- INPUT DATA
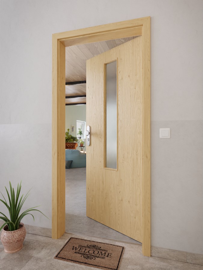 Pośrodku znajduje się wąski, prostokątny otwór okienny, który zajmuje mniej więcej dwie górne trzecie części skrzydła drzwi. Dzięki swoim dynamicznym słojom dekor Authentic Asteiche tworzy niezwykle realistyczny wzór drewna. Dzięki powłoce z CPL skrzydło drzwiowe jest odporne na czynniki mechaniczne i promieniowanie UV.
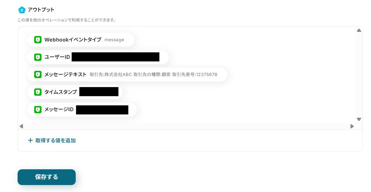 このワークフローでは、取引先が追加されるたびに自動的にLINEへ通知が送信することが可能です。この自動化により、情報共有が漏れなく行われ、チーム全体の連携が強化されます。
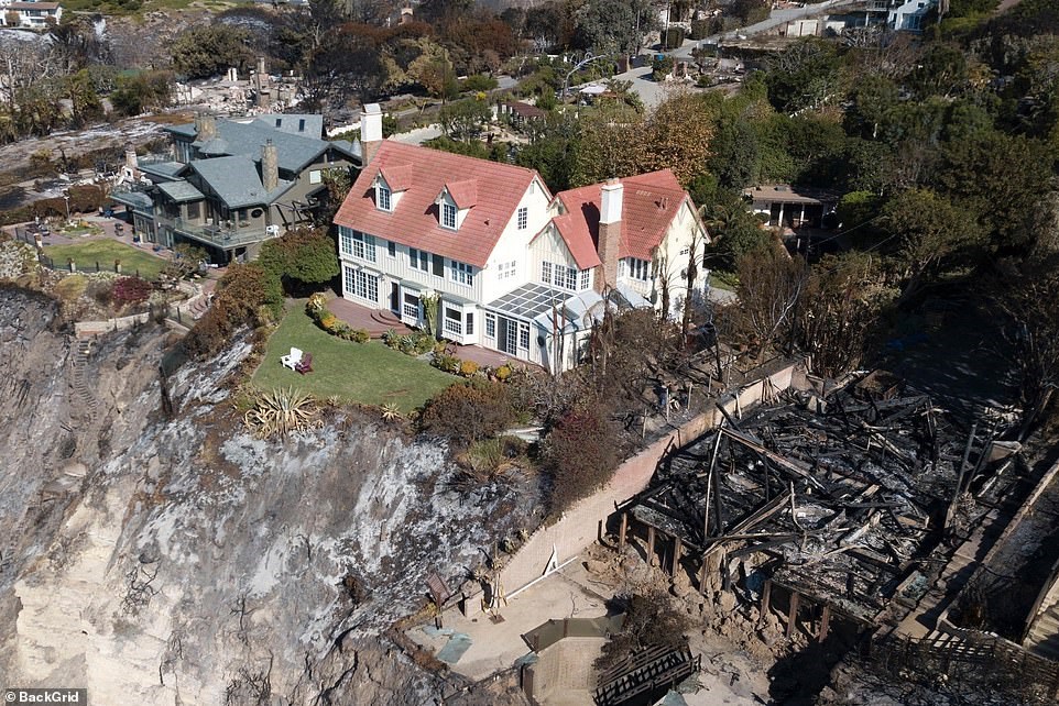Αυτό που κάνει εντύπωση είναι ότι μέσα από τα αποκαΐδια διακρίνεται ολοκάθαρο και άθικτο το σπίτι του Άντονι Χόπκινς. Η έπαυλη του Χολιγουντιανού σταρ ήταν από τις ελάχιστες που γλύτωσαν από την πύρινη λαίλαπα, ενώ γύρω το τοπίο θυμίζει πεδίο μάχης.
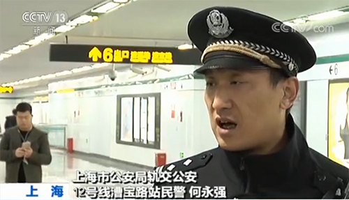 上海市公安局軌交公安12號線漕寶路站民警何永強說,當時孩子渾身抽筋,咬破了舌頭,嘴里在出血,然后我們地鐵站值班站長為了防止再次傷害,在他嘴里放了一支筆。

...

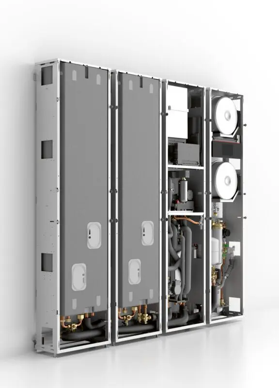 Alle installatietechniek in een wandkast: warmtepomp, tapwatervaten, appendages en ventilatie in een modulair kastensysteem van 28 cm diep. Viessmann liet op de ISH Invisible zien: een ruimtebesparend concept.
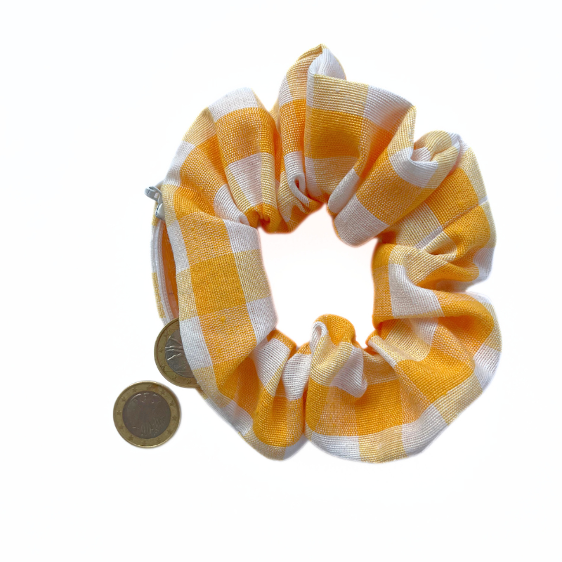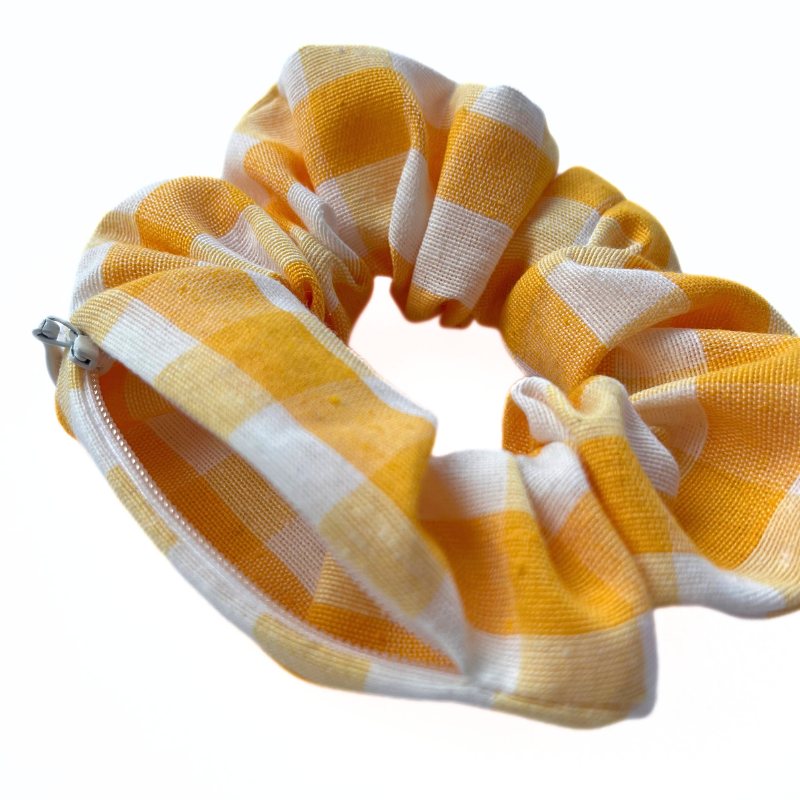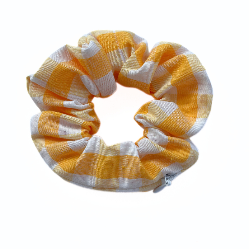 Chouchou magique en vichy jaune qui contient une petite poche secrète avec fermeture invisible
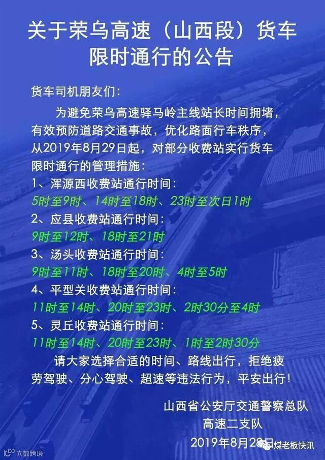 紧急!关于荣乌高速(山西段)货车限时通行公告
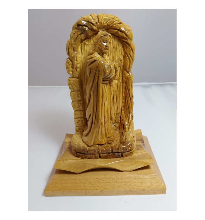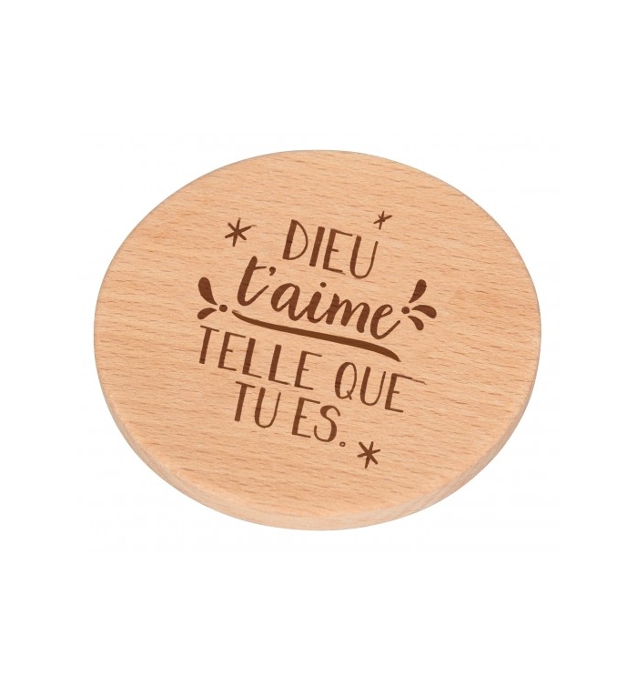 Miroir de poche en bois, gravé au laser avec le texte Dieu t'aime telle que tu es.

- WORK REQUEST
Using the entries above, reproduce word for word only the lines from the one that contains "Pośrodku znajduje się" to the one that contains "上海市公安局軌交公安12號線", both ends included, and drop every picture.

- EXPECTED ANSWER
 Pośrodku znajduje się wąski, prostokątny otwór okienny, który zajmuje mniej więcej dwie górne trzecie części skrzydła drzwi. Dzięki swoim dynamicznym słojom dekor Authentic Asteiche tworzy niezwykle realistyczny wzór drewna. Dzięki powłoce z CPL skrzydło drzwiowe jest odporne na czynniki mechaniczne i promieniowanie UV.
 このワークフローでは、取引先が追加されるたびに自動的にLINEへ通知が送信することが可能です。この自動化により、情報共有が漏れなく行われ、チーム全体の連携が強化されます。
Αυτό που κάνει εντύπωση είναι ότι μέσα από τα αποκαΐδια διακρίνεται ολοκάθαρο και άθικτο το σπίτι του Άντονι Χόπκινς. Η έπαυλη του Χολιγουντιανού σταρ ήταν από τις ελάχιστες που γλύτωσαν από την πύρινη λαίλαπα, ενώ γύρω το τοπίο θυμίζει πεδίο μάχης.
 上海市公安局軌交公安12號線漕寶路站民警何永強說,當時孩子渾身抽筋,咬破了舌頭,嘴里在出血,然后我們地鐵站值班站長為了防止再次傷害,在他嘴里放了一支筆。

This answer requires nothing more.